New Purdue lab tackles complex management problems
WEST LAFAYETTE, Ind. A multidisciplinary lab at Purdue University is striving to understand how the complex interactions between corporations affect vital "supply chain" factors like production planning and scheduling, inventory management, distribution, and warehousing.
Gone are the days when a factory manager could operate in isolation, said Reha Uzsoy, a professor of industrial engineering who initiated the creation of the Laboratory for Extended Enterprises at Purdue (LEEAP).
"In the old days, we never really worried about what happened outside a given factory," said Uzsoy, one of six researchers running the lab. "I was the plant manager, and I ran my plant, and that was the end of my world."
Now, however, management is far more complicated.
"Everybody has come to the conclusion that it's the overall supply chain that matters," Uzsoy said. "Your relationships with your customers, your suppliers, and other units of your own company are constantly changing and being redefined. So you are not just living within an individual plant any more."

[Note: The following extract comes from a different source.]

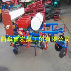 花生播种机为施肥播种喷药覆膜同时完成的机器,该机以其紧凑合理,功能齐全的结构将花生覆膜种植中的筑垄、播种、覆土、喷药、展膜、压膜、膜上筑土等农艺技术一次作业完成。地膜不仅能够提高地温、保水、保土、保肥提高肥效,而且还有灭草、防病虫、防旱抗涝、抑盐保苗、改进近地面光热条件,使产品卫生清洁等.此款机型有2行4行两种规格。
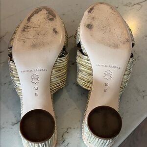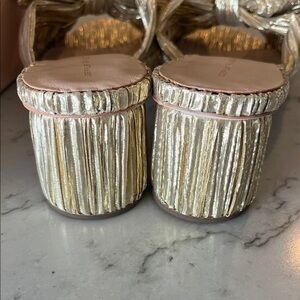 Step into elegance with these stunning gold slide sandals. Perfect for any occasion. Worn once. 2 inch round block heel. Comes with original box.

Corporations and facilities are woven together in an "extended enterprise," a web of firms doing business with each other, which complicates the management decision-making process. Particularly with the advent of new technologies such as e-commerce, managers are being forced to make decisions for which their past experience offers little guidance because the environment has changed so radically. Often, software models and other specialized tools are needed to simulate the whole environment and predict the likely effects of specific management decisions. But creating such sophisticated tools requires expertise from various specialties.
LEEAP combines researchers from engineering, economics and management, said Jennifer K. Ryan, an assistant professor of industrial engineering and one of the six researchers in the lab.
"What's really key is that it's interdisciplinary," Ryan said. "The idea is to bring together faculty, graduate students and industry."
The lab, which was formed last spring, recently won a $100,000 grant from the National Science Foundation for the first project involving all six researchers. The project is to test the feasibility of developing a supply chain optimization and protocol environment, a software tool for simulating management scenarios in an extended enterprise.
Here is a simple example:
A large, multinational corporation with worldwide distribution needs to add a few warehouses and distribution centers, but management is unsure where the new facilities should be built. Corporate officials could try actually building the new facilities and then waiting to see how well they worked. But a better way would be to test these management ideas first with software.
"This would be a way of doing it virtually, to simulate the environment and see what would happen," Ryan said.
However, such a tool could also be used to study much more complex problems. For example, an automobile manufacturer needs to know whether it would be best to produce or outsource the production of engines for a certain car model.
"You can look at decisions like that and test them virtually before implementing them," Ryan said.
The four other faculty members in the lab are: Ananth V. Iyer, an associate professor of management in the Krannert Graduate School of Management; Joseph F. Pekny, a professor of chemical engineering; Paul V. Preckel, a professor of agricultural economics; and Ronald L. Rardin, a professor of industrial engineering. Several graduate students also are involved.